Native collagen acid solution (3 mg/mL) was added to a 96-well plate at 90 μL/well. After incubation for 1 h at room temperature, 10 μL of glyceraldehyde (500 mmol/L) was added followed by incubation for three days. After three washes with PBS, 100 μL of 2% fetal bovine serum (FBS) containing Dulbecco’s Modified Eagle’s Medium (DMEM) was added followed by incubation for one day to remove residual glyceraldehyde. A 100-μL volume of HaCaT cells (100,000 cells/mL) in DMEM containing 2% FBS was added to the well followed by incubation for one day at 37 °C in the CO2 incubator. The solution was replaced with 100 μL/well of DMEM containing 2% FBS (control) or DMEM containing 2% FBS and methylparaben (0.05, 0.1 and 0.2 mmol/L) and the cells were cultured for four days. ATP measurement reagent (“cell” ATP assay reagent) was added, and after 30 min the relative luminescence (RLU/sec) was measured as the amount of ATP. The experiment was carried out with triplicate samples.

2.9. Measurement of FLG mRNA Levels in Cultured HaCaT

A 35-mm dish was coated with native collagen acid solution (0.5 mL for 1 h). After washing with PBS, the collagen was amino carbonylated by treatment with 50 mmol/L glyceraldehyde solution for three days at 37 °C in the CO2 incubator. After three washes with PBS, 1 mL of DMEM was added and the incubation was carried out for one day. After removing the DMEM in the well, 500 μL of HaCaT cells (300,000 cells/mL) were seeded in each well. After incubation for one day, the solution was replaced with 2% FBS-DMEM or 0.1 mmol/L methylparaben containing 2% FBS-DMEM. After culturing for two days at 37 °C in the CO2 incubator, RNA was extracted and evaluated as described above. The experiment was carried out with triplicate samples.

2.10. Data Analysis

mRNA and ATP levels are expressed as mean ± standard deviation. An unpaired t test was performed to compare group means; p < 0.05 was considered statistically significant.

3. Results

3.1. Effects of Glyceraldehyde on the Relative Fluorescence Intensity of Amino-carbonylated BM and Effect of Amino Carbonylation of the BM on TEWL

The relative fluorescence intensity of BM treated with glyceraldehyde (2 and 5 mmol/L) was significantly increased concentration-dependently compared to that of the untreated control (Figure 1A). Furthermore, the relative fluorescence intensity of BM treated with 5 mmol/L glyceraldehyde (two, four, and six days) was significantly increased time-dependently compared to that of the untreated control (Figure 1B). ATP levels were lower in keratinocyte cultured on BM treated with 5 mmol/L glyceraldehyde (two, four, and six days) than in cells grown on untreated collagen gel (Figure 1C). TEWL in the 3D model of human epidermis was increased relative to that in the control when the BM was treated with glyceraldehyde for four days (Figure 1D), indicating that the barrier function of the epidermis was compromised.
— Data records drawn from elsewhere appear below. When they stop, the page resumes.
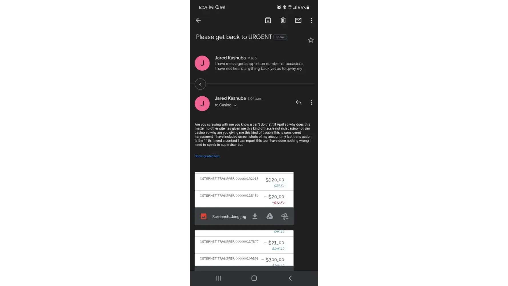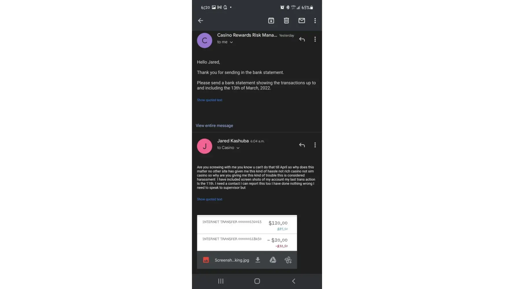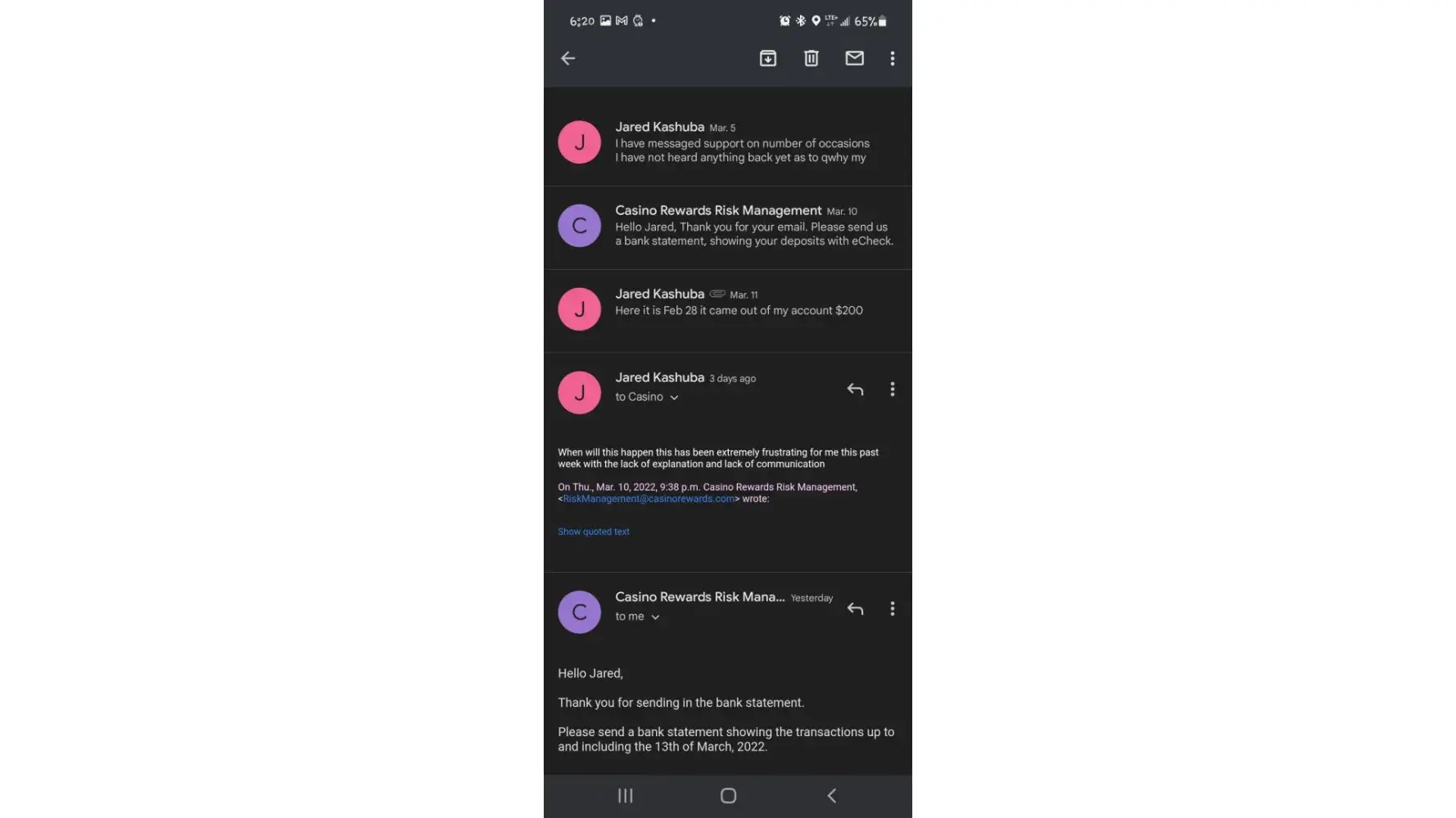 I had deposited money 200 to be exact I one 1300 in a day but then I withdrew 600 then all of a sudden my account was locked out and it took 2 weeks to have a response to me asking me to email my bank state ment showing the when I paid the 200 then when I did I get an answer 3 days later telling me they want a copy of my statement up until March 13 which has nothing to do with them or why didn't they ask for that then. with still no explanation why my account is being locked out I've had no explanation as to why I'm being treated like this. No other I online casino had had issues with me not rich casino not spin casino now they are asking for information knowing that bank statements always come out the month after so they are trying to delay my withdrawal even longer I'm going to report this to authorities soon as fraudulent it's been almost a month I need a contact to report this issue too to have this issue dealt with the contact name that's been email me is Kevin with risk management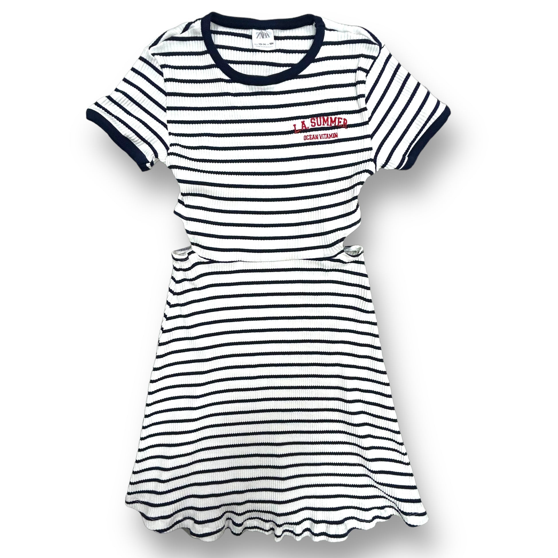 Zara Girls Size 14 Youth Navy & White Ribbed Short Sleeve Dress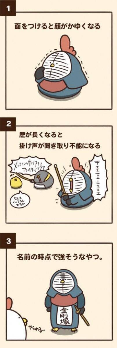 ゆるいにわとりとひよこの剣道のイラスト素材
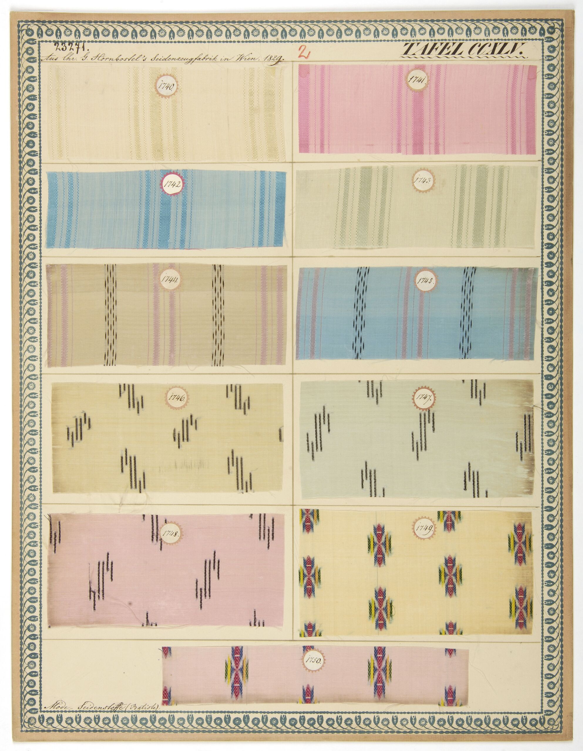 - label (front) : Aus Chr. G. Hornbostel's Seidenzeugfabrik in Wien, 1829. / Mode-Seidenstoffe (Batiste).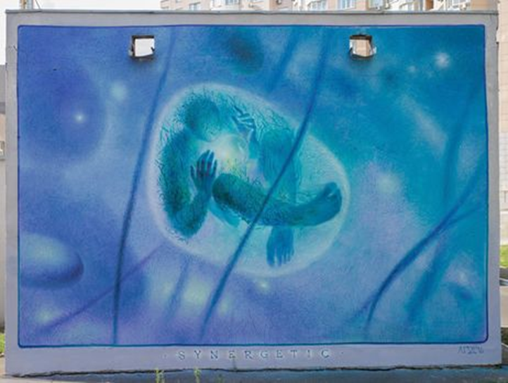 Український учасник фестивалю Mural Social Club Alexander Grebenyuk створив мурал у Києві за адресою Срібнокільська, 1. Свою фреску А. Гребенюк присвятив еволюції життя на землі. “Синергетика – це напрямок науки, що вивчає поведінку складних систем. У загальному сенсі – глобальний еволюціонізм. Ідея роботи приблизно наступна: поява нашої планети та розвиток на ній життя – як довгий ланцюг випадковостей. Образ людини, обплетеної рослинами, символізує нерозривний зв'язок з процесами глобальної еволюції”, - відзначає автор.

3.2. Effect of Amino Carbonylation of BM on the mRNA Expressions of FLG, TGase1, SPTLC2, GCase, and aSMase

The FLG and TGase1 transcript levels in the 3D model of the human epidermis were downregulated relative to those in the control upon BM amino carbonylation (Figure 2A,B). Filaggrin is an important protein in the stratum corneum that participates in the production of NMF and is a determinant of water-retention capacity [24]. The cell membrane in the stratum corneum is thicker than that in other layers of the skin, a lining known as the cornified cell envelope (CE) on the inner side of corneocytes, suggesting that the CE is involved in cell membrane reinforcement. TGase1 is required for the formation of the CE in corneocytes, which are found in the stratum corneum. Thus, amino carbonylation of the BM decreased the moisturizing function of the stratum corneum and prevented of cornification.
SPTLC2 mRNA level in the 3D model of the human epidermis was decreased by glyceraldehyde treatment (Figure 2C). On the other hand, the transcript levels of GCase and aSMase were unaltered by amino carbonylation (Figure 2D,E).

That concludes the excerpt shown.